The Minnesota NeuroSpin Initiative is pleased to invite you to its second seminar in a new series. On April 1, Dr. Angel Yanguas-Gil, Principal Materials Scientist at Argonne National Laboratory, will discuss his recent work related to:
Insect-Inspired Architectures for Computing at the Edge: A Pathway to On-Chip, Continual Learning and Computing Under Extreme Environments
Neuromorphic computing has long been explored as an alternative to conventional von Neumann architectures due to their tight integration between computing and memory. However, recently there has been a strong interest in brain-inspired architectures as an approach to deploy AI at the edge with capabilities that go beyond those of conventional deep learning approaches.
In this presentation, Dr. Angel Yanguas-Gil will explore how his team approaches the design of this type of architecture using the insect brain as a model system. Starting from neuroscience-inspired algorithms, they adapt the structure of the learning center of the insect brain, the mushroom body, for continual and lifelong learning applications.
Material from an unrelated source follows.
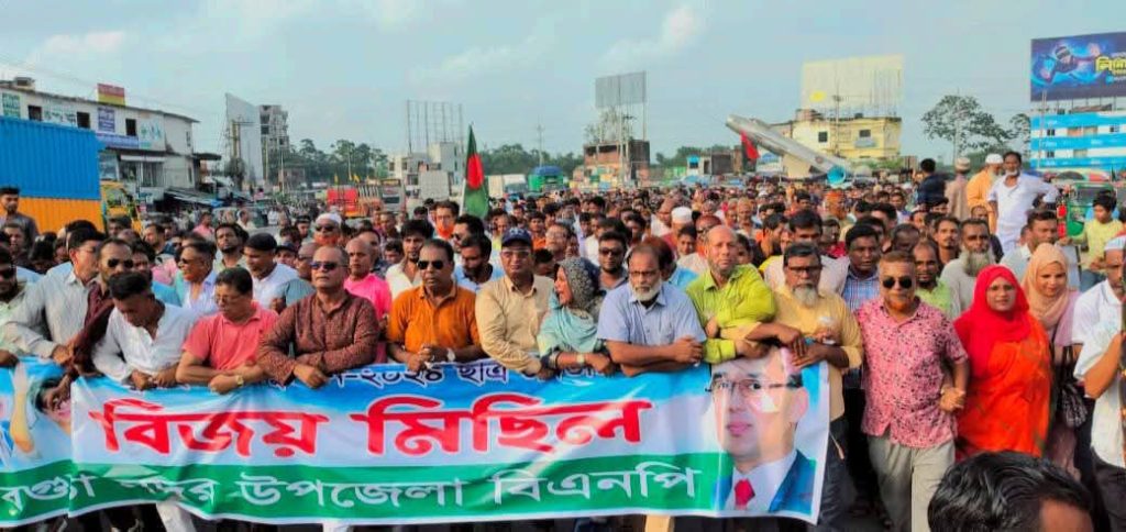 বগুড়া সংবাদ : জাতীয় নির্বাচনের রোডম্যাপ ঘোষনা না হওয়া পর্যন্ত রাজপথে আমাদের আন্দোলন চলবে। দেশের মানুষের ভোটের অধিকার ফিরিয়ে দেয়ার দেওয়া জন্য বিএনপি দীর্ঘ ১৬ বছর রাজপথে ছিল, আছে এবং ভোটের অধিকার আদায় করেই ঘরে ফিরবে। ৫ আগস্ট ঐতিহাসিক জুলাই মাসের গণঅভ্যুত্থানের বর্ষপূর্তি উপলক্ষে বগুড়া সদর উপজেলা বিএনপির উদ্যোগে বিজয় মিছিল শেষে বিক্ষোভ সমাবেশে প্রধান অতিথির বক্তব্যে এসব কথা বলেন বগুড়া জেলা বিএনপির সভাপতি রেজাউল করিম বাদশা।

Their results show that these architectures can outperform conventional machine learning algorithms in standard continual learning benchmarks, where a system is required to sequentially learn a series of tasks, without the need to store any past data. They then explore two possible implementations based on spiking neural networks, one based on Intel’s neuromorphic chip Loihi, and one based on emergent materials. For the latter case, they can identify what ideal properties memristors should have in order to enable efficient real time, on chip learning. Their results show that the desired properties are very different from those traditionally assumed for in-memory computing approaches. Moreover, they explore the impact of multiple types of encoding, such as periodic, single, and a random stream driven by spin dice, on the overall accuracy. Finally, they briefly describe how we can apply these concepts to the classification of digitally modulated RF signals. Using a combination of new ALD materials and existing high temperature digital implementations, we show how there is a feasible pathway to carry out non-trivial computing such as the processing of RF signals at temperatures exceeding 300 C.
Seminar Details
Seminar Host
- Prof. Jian-Ping Wang, University of Minnesota
Seminar Speaker
- Dr. Angel Yanguas-Gil, Argonne National Laboratory
Date and Time
- April 1, 2022
- 11:30am-12:30pm CT
Location
Virtual Via Zoom - Link will be provided upon registration
Dr. Yanguas-Gil is a Principal Materials Scientist at Argonne National Laboratory, where he carries out research in the areas of materials for microelectronics and energy application, and in neuromorphic computing, with a focus on developing energy-efficient approaches to sensing and computing inspired on the insect brain. Angel obtained his PhD in Physics from the University of Seville, Spain in 2006, where his research focused on plasma physics and the fundamentals of thin film growth. After three years as a postdoctoral researcher at Ruhr University in Germany and the University of Illinois at Urbana-Champaign, he joined Argonne National Laboratory in 2009. He became a Fellow of the Northwestern Argonne Institute for Science and Engineering at Northwestern University in 2013. He is currently the Chair of the Thin Film Division of the American Vacuum Society, he has been Chair of the Prairie Section of the American Physical Society.